Flexible Graphene substrates for electrochemical analysis and construction of functional nanostructures

Abstract

Graphene as a highly conductive, adsorptive, and structurally flexible material has been widely employed to develop advanced electronic devices and sensors. In this study, by simply drop-casting the desired amount of industrial grade, graphene nano-platelets onto conventional double-sided conductive tape, we developed a convenient, versatile, and scalable graphene substrate (namely, flexible graphene substrate in a snap) with much-improved in-plane conductivity for electrochemical analysis and template-assisted deposition of functional nanostructures. Particularly cyclic voltammetric measurements with reversible redox couples showed ideal responses on such “flexible graphene electrodes” with superior reproducibility and stability. The quantitation of medically relevant, trial analysts (i.e., ascorbic acid and dopamine) showed excellent linearity in established calibration curves (R2 > 0.995) and satisfactory detection sensitivity.

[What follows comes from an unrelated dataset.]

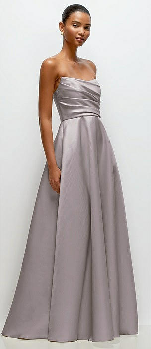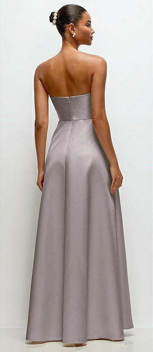 Strapless Draped Cat-Eye Satin Maxi Dress with Full Skirt in cashmere gray

More remarkably, by affixing nano-porous templates (polycarbonate or AAO membranes) onto these flexible graphene substrates, we can fabricate various metallic nanostructures via a conventional bench-top electrode position process, which exhibit excellent electro-analytical (Au nano-clusters as ideal ultra-microelectrode arrays) and catalytic activities (Pt nanowires towards modulated H2O2 reduction). Beyond the application of quantitative electrochemical analysis and bench-top creation of functional nanostructures, we envision that such “flexible graphene substrate in a snap” as a versatile, scalable platform material can be adapted to many other designs of graphene-based sensors and analytical devices.